- **Problem details**: Give the data below again exactly as written, but without the pictures.

- **Collected data**:
[Start of Attachment]

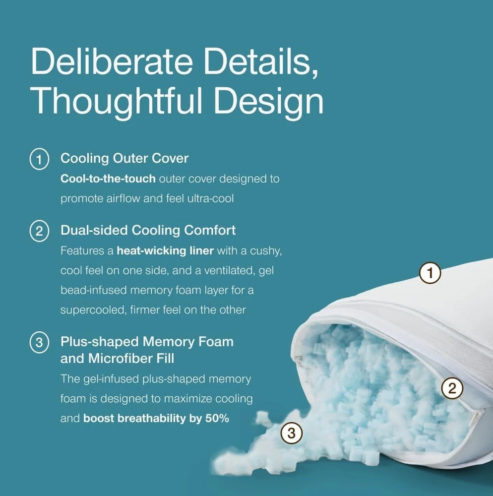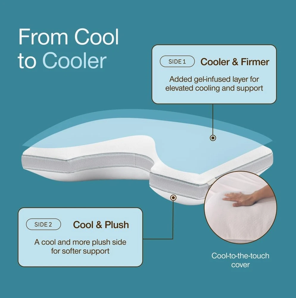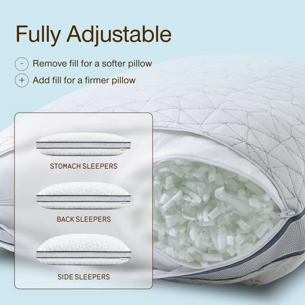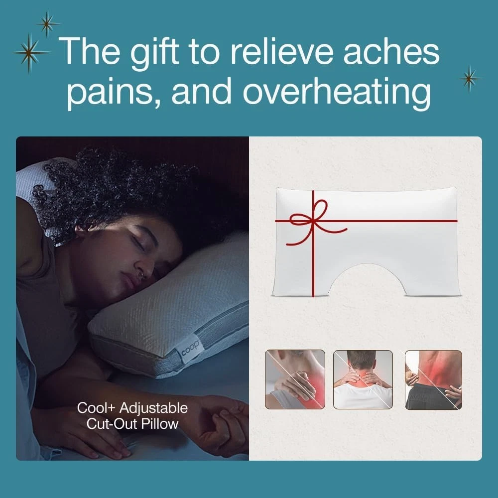 Product description Sleep fresh and comfy with our ultra-soft, breathable pillow cover that helps regulate temperature for all-night cozy comfort. Customize loft and firmness to your perfect comfort level and keep it fresh with an easy-to-clean, removable, machine washable cover. Wake up feeling fresh each morning with our gel-infused memory foam blend, offering plush comfort and adaptive neck and head support. The 2-inch gusset design keeps fill evenly distributed, delivering consistent, edge-to-edge support for every sleep position. Previous page Next page 1 Adjustable 2 Oomph AC Fill 3 Choose Your Level of Cool Find Your Perfect Coop Pillow Eden Buying Options Original Add to Cart Cool+ Add to Cart Crescent Add to Cart Cut-Out Add to Cart Maternity Pillow Buying Options Body Pillow Buying Options Customer Reviews 4.3 out of 5 stars 14,401 4.4 out of 5 stars 64,279 4.3 out of 5 stars 14,401 4.4 out of 5 stars 64,279 4.4 out of 5 stars 64,279 4.4 out of 5 stars 3,066 4.4 out of 5 stars 3,066 Price $84.00 $ 84 . 00 $62.90 $ 62 . 90 $105.85 $ 105 . 85 $73.26 $ 73 . 26 $73.26 $ 73 . 26 $79.20 $ 79 . 20 $79.20 $ 79 . 20 Size Queen Queen Queen Queen Queen Full Body Full Body Perfect For Back, Stomach and Side Sleeper Back, Stomach and Side Sleeper Back, Stomach and Side Sleeper Side and Back Sleeper Side Sleeper Side Sleeper Side Sleeper Dimensions 17" x 27" 19" x 29" 17" x 27" 18" x 28" 18" x 28" 9" x 60" 20" x 54" Fill Type Memory Foam With Cooling Gel Cross-cut Memory Foam Plus-Shaped Gel Memory Foam Cross-Cut Memory Foam Cross-Cut Memory Foam Cross-Cut Memory Foam Cross-Cut Memory Foam Customizable Comfort ✔ ✔ ✔ ✔ ✔ ✔ ✔ Extra Fill Included ✔ ✔ ✔ ✔ ✔ ✘ ✘ Machine Washable Cover ✔ ✔ ✔ ✔ ✔ ✔ ✔ Certifications CertiPUR-US & Green Guard Gold CertiPUR-US & Green Guard Gold CertiPUR-US & Green Guard Gold CertiPUR-US & Green Guard Gold CertiPUR-US & Green Guard Gold CertiPUR-US & Green Guard Gold CertiPUR-US & Green Guard Gold On Nov 27, 2025 at 23:09:37 PST, seller added the following information: On Jan 15, 2026 at 00:16:51 PST, seller added the following information:
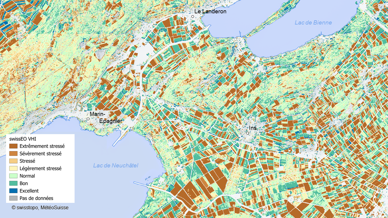 Stato di salute della vegetazione nell'Altipiano bernese («swissEO VHI» del 5 agosto 2018). Questa carta sovrapposta combina i dati satellitari di Sentinel-2 e Meteosat e mostra la vegetazione stressata da fattori quali siccità, malattie, abbattimento da vento o interventi umani rispetto al periodo di riferimento climatico 1991-2020.
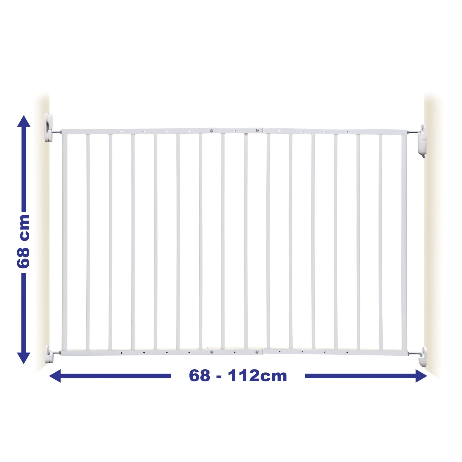 Avec une ouverture de 68-112cm et une hauteur de 68cm, elle est idéale pour une utilisation en haut et en bas des escaliers. Cette barrière à vis est livrée avec une largeur réglable et sans barre de base, ce qui lui confère une sécurité supplémentaire lorsqu’elle est utilisée en haut ou en bas des escaliers.
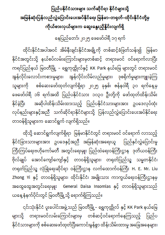 ပြည်ပနိုင်ငံသားများ သက်ဆိုင်ရာ နိုင်ငံများသို့ အမြန်ဆုံးပြန်လည်လွှဲပြောင်းပေးအပ်နိုင်ရေး မြန်မာ-တရုတ်-ထိုင်းနိုင်ငံတို့မှ ကိုယ်စားလှယ်များက ဆွေးနွေးညှိနှိုင်းလျက်ရှိ

[End of Attachment]

- **Task solution**:
 Product description Sleep fresh and comfy with our ultra-soft, breathable pillow cover that helps regulate temperature for all-night cozy comfort. Customize loft and firmness to your perfect comfort level and keep it fresh with an easy-to-clean, removable, machine washable cover. Wake up feeling fresh each morning with our gel-infused memory foam blend, offering plush comfort and adaptive neck and head support. The 2-inch gusset design keeps fill evenly distributed, delivering consistent, edge-to-edge support for every sleep position. Previous page Next page 1 Adjustable 2 Oomph AC Fill 3 Choose Your Level of Cool Find Your Perfect Coop Pillow Eden Buying Options Original Add to Cart Cool+ Add to Cart Crescent Add to Cart Cut-Out Add to Cart Maternity Pillow Buying Options Body Pillow Buying Options Customer Reviews 4.3 out of 5 stars 14,401 4.4 out of 5 stars 64,279 4.3 out of 5 stars 14,401 4.4 out of 5 stars 64,279 4.4 out of 5 stars 64,279 4.4 out of 5 stars 3,066 4.4 out of 5 stars 3,066 Price $84.00 $ 84 . 00 $62.90 $ 62 . 90 $105.85 $ 105 . 85 $73.26 $ 73 . 26 $73.26 $ 73 . 26 $79.20 $ 79 . 20 $79.20 $ 79 . 20 Size Queen Queen Queen Queen Queen Full Body Full Body Perfect For Back, Stomach and Side Sleeper Back, Stomach and Side Sleeper Back, Stomach and Side Sleeper Side and Back Sleeper Side Sleeper Side Sleeper Side Sleeper Dimensions 17" x 27" 19" x 29" 17" x 27" 18" x 28" 18" x 28" 9" x 60" 20" x 54" Fill Type Memory Foam With Cooling Gel Cross-cut Memory Foam Plus-Shaped Gel Memory Foam Cross-Cut Memory Foam Cross-Cut Memory Foam Cross-Cut Memory Foam Cross-Cut Memory Foam Customizable Comfort ✔ ✔ ✔ ✔ ✔ ✔ ✔ Extra Fill Included ✔ ✔ ✔ ✔ ✔ ✘ ✘ Machine Washable Cover ✔ ✔ ✔ ✔ ✔ ✔ ✔ Certifications CertiPUR-US & Green Guard Gold CertiPUR-US & Green Guard Gold CertiPUR-US & Green Guard Gold CertiPUR-US & Green Guard Gold CertiPUR-US & Green Guard Gold CertiPUR-US & Green Guard Gold CertiPUR-US & Green Guard Gold On Nov 27, 2025 at 23:09:37 PST, seller added the following information: On Jan 15, 2026 at 00:16:51 PST, seller added the following information:
 Stato di salute della vegetazione nell'Altipiano bernese («swissEO VHI» del 5 agosto 2018). Questa carta sovrapposta combina i dati satellitari di Sentinel-2 e Meteosat e mostra la vegetazione stressata da fattori quali siccità, malattie, abbattimento da vento o interventi umani rispetto al periodo di riferimento climatico 1991-2020.
 Avec une ouverture de 68-112cm et une hauteur de 68cm, elle est idéale pour une utilisation en haut et en bas des escaliers. Cette barrière à vis est livrée avec une largeur réglable et sans barre de base, ce qui lui confère une sécurité supplémentaire lorsqu’elle est utilisée en haut ou en bas des escaliers.
 ပြည်ပနိုင်ငံသားများ သက်ဆိုင်ရာ နိုင်ငံများသို့ အမြန်ဆုံးပြန်လည်လွှဲပြောင်းပေးအပ်နိုင်ရေး မြန်မာ-တရုတ်-ထိုင်းနိုင်ငံတို့မှ ကိုယ်စားလှယ်များက ဆွေးနွေးညှိနှိုင်းလျက်ရှိ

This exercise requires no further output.